Myth: All hospice patients must have “do not resuscitate” (DNR) status.
Fact: Agrace patients make their own choice about whether they prefer to be resuscitated or to die naturally in the event their heart or breathing stops. “Do not resuscitate” status is not required to be an Agrace patient. When patients enroll, the Agrace team will talk with them and their family, guardian or health care agent to be certain their end-of-life wishes and advance directives are known to and fulfilled by their Agrace care team.
Myth: Agrace HospiceCare patients cannot receive treatments such as chemotherapy, radiation therapy and blood transfusions.
Fact: Agrace HospiceCare can enroll patients who are receiving these types of treatments—
if the patient’s life expectancy is six months or less and their goal in receiving care is comfort, not cure. Such treatments are most commonly approved when their purpose is to relieve symptoms of the patient’s terminal illness or to help the patient achieve a time-bound goal.
Myth: When a patient enrolls with Agrace HospiceCare, their care is provided at Agrace’s Inpatient Unit.
Fact: About 95 percent of our services are provided in patients’ homes, including private residences, and assisted living or nursing homes. However, some patients come to Agrace’s Inpatient Unit for short-term, acute care if their symptoms cannot be managed at home and they prefer not to be hospitalized.
Myth: Agrace HospiceCare is limited to six months. Patients are discharged if they don’t die within six months.
Fact: Agrace HospiceCare services are available as long as the patient continues to meet the criteria for hospice care: life expectancy of six months or less and a primary goal of comfort, not cure. If a patient stabilizes or they experience a steady improvement in their health,
they may be discharged from Agrace HospiceCare. Patients may be readmitted to Agrace
at any time if their health declines and their life expectancy again meets the six-month prognosis criteria.

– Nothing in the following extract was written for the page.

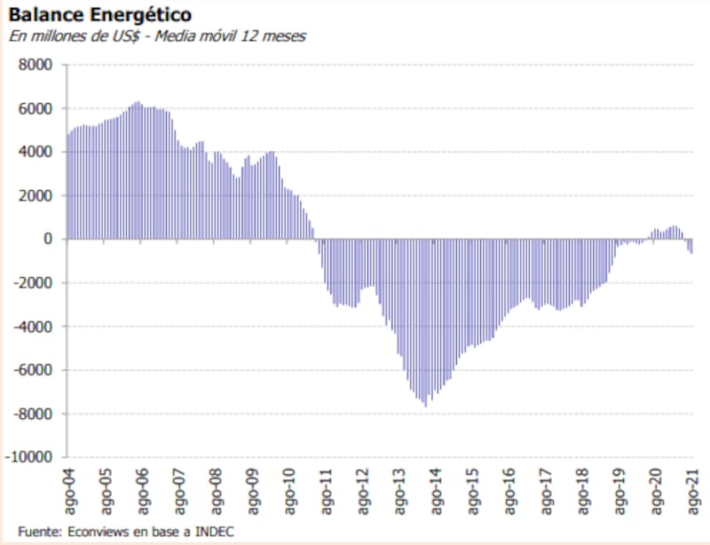"El déficit de energía de los últimos 12 meses llega a u$s 672 millones, el peor en 25 meses. No debería tardar en llegar a u$s 1000 millones. Está lejos de los u$s 7700 millones de déficit del 2014, pero es un número que empieza a pesar en la macroeconomía", consigna el estudio.

Myth: Agrace HospiceCare only cares for people with cancer.
Fact: Agrace HospiceCare is appropriate for people with any life-limiting condition when the primary goal of care is to maintain comfort, manage symptoms and help the individual remain as active as possible. This includes patients with heart disease, Alzheimer’s disease and other forms of dementia, lung disease, end-stage liver disease, ALS, MS, Parkinson’s disease, HIV/AIDS and other life-limiting conditions.

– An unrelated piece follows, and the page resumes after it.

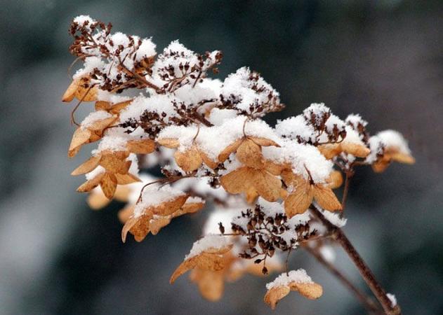 Если зимой вы не бываете в саду и не любуетесь снежными шапками, удалите соцветия древовидных и метельчатых гортензий, чтобы кусты не разломались под тяжестью снега. Эти кустарники, хорошо зимующие в условиях средней полосы России, в октябре можно без опасения подвергнуть сильной обрезке, укорачивая побеги до 4-5 почек, чтобы весной сэкономить драгоценное время.

Myth: Agrace HospiceCare focuses on the acceptance of death.
Fact: Agrace HospiceCare recognizes that we all have different and unique goals, beliefs and coping strategies. Agrace does not force discussions about the acceptance of death, but staff remain available to discuss any issues important to patients and their families.
Myth: People receiving care from Agrace HospiceCare must die at home.
Fact: While most people receiving care from Agrace wish to die at home, other arrangements and support services are available.